What the task asks
Every line from the one with "Desde un punto" to the one with "Ten wyjątkowy model", including those two, is to be copied exactly; all other lines of the entries below are left out.

Task input

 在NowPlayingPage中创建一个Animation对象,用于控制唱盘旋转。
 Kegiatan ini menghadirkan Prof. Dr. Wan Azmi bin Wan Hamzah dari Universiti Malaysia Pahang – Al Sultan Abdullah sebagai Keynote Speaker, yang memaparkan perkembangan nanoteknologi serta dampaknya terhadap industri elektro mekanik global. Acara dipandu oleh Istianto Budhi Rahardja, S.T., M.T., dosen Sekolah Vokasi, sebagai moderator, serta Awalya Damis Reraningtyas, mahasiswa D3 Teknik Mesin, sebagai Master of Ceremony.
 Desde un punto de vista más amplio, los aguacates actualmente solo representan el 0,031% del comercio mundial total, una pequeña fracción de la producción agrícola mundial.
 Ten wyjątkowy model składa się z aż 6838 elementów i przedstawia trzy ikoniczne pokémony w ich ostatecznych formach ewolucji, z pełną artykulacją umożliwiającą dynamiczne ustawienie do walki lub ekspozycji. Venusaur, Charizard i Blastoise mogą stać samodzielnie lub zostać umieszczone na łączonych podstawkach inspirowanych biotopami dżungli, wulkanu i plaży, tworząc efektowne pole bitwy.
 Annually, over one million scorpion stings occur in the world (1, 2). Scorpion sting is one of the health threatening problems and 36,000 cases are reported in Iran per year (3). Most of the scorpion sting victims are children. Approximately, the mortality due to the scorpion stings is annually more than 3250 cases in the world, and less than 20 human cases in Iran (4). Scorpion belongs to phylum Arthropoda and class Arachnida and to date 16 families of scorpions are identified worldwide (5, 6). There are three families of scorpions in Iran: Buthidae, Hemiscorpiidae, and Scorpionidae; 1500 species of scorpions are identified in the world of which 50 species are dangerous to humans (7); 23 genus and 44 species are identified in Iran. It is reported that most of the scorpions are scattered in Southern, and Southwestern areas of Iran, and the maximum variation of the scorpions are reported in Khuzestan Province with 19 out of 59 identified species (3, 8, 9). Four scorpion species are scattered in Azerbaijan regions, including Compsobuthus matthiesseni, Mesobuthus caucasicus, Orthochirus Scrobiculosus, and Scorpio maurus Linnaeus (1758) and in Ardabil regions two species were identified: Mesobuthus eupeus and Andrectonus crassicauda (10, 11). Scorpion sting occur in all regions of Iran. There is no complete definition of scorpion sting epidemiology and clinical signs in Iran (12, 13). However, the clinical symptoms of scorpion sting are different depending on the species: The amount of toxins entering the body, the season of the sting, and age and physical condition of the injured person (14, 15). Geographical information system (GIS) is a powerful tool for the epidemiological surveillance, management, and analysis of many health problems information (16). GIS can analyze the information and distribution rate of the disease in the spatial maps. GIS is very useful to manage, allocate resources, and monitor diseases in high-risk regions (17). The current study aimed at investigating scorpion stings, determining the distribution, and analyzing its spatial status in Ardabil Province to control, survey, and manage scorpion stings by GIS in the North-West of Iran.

---

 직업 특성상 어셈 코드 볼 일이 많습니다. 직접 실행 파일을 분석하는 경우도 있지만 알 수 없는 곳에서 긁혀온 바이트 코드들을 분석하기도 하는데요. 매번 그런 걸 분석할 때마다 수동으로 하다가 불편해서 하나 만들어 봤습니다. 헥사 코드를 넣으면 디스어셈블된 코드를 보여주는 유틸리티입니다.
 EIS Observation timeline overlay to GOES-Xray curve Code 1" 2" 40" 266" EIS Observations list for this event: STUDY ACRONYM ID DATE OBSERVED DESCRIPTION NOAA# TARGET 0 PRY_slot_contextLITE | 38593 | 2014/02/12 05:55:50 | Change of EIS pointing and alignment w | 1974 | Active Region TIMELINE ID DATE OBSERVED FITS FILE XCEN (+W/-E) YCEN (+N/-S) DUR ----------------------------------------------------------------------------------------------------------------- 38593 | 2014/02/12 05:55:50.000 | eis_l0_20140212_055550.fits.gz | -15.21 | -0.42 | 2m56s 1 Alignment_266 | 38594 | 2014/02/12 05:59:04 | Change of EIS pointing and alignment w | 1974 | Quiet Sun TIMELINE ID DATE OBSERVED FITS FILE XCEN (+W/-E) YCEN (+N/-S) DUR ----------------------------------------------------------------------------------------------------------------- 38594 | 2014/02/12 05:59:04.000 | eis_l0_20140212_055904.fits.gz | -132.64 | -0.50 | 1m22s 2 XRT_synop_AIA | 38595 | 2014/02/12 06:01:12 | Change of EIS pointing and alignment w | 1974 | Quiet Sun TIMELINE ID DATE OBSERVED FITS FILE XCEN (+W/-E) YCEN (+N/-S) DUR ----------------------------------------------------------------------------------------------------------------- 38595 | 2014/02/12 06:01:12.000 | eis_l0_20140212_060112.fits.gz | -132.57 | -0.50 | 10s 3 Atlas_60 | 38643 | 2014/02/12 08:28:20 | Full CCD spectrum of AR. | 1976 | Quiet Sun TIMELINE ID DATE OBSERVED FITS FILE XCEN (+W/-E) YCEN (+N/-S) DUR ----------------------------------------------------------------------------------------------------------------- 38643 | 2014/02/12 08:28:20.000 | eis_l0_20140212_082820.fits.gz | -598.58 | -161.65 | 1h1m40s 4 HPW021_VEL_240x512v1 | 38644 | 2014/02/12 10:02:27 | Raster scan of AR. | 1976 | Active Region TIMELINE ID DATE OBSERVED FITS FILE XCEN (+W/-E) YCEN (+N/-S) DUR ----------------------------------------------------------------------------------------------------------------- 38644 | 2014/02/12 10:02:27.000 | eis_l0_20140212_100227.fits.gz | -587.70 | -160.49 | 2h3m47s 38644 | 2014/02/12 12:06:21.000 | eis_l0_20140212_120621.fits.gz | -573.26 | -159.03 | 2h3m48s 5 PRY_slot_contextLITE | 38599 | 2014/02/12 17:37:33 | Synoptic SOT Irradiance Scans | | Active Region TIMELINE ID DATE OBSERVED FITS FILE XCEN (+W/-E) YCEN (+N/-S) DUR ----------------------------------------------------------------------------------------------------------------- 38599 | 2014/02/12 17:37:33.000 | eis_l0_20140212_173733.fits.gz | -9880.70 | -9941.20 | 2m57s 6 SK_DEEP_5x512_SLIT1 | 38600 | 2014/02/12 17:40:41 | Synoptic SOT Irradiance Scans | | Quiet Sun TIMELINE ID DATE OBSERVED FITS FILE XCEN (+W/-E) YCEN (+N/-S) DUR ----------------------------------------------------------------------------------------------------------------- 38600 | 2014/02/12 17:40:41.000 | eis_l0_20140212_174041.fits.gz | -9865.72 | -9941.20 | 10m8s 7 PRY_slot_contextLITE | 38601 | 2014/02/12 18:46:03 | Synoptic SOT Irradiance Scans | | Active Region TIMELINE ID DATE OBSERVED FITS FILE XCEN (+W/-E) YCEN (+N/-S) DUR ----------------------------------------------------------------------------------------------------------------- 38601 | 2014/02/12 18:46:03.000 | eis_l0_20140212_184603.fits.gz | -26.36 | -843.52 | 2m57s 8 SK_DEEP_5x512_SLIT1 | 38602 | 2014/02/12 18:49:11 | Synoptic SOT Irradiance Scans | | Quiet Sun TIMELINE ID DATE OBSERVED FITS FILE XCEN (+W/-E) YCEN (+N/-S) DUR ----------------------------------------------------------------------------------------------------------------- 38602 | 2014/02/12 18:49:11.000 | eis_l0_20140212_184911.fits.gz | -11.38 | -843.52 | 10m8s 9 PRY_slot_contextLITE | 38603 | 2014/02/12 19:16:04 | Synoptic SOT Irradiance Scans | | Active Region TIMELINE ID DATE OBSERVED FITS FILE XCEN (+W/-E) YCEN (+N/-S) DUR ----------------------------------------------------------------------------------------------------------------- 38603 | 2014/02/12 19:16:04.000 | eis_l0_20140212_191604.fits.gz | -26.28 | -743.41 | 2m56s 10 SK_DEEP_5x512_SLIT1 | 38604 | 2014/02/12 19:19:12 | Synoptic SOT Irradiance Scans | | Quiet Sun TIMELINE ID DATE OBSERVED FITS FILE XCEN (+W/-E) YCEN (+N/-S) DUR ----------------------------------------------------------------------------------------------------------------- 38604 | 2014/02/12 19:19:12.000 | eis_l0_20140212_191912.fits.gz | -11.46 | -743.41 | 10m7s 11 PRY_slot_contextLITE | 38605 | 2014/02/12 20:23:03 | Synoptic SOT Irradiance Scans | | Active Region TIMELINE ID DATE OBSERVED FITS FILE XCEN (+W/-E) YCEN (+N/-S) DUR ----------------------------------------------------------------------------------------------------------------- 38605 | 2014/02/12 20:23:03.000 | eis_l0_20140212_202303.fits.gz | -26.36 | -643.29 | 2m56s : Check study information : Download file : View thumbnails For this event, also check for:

Result for this exercise
 Desde un punto de vista más amplio, los aguacates actualmente solo representan el 0,031% del comercio mundial total, una pequeña fracción de la producción agrícola mundial.
 Ten wyjątkowy model składa się z aż 6838 elementów i przedstawia trzy ikoniczne pokémony w ich ostatecznych formach ewolucji, z pełną artykulacją umożliwiającą dynamiczne ustawienie do walki lub ekspozycji. Venusaur, Charizard i Blastoise mogą stać samodzielnie lub zostać umieszczone na łączonych podstawkach inspirowanych biotopami dżungli, wulkanu i plaży, tworząc efektowne pole bitwy.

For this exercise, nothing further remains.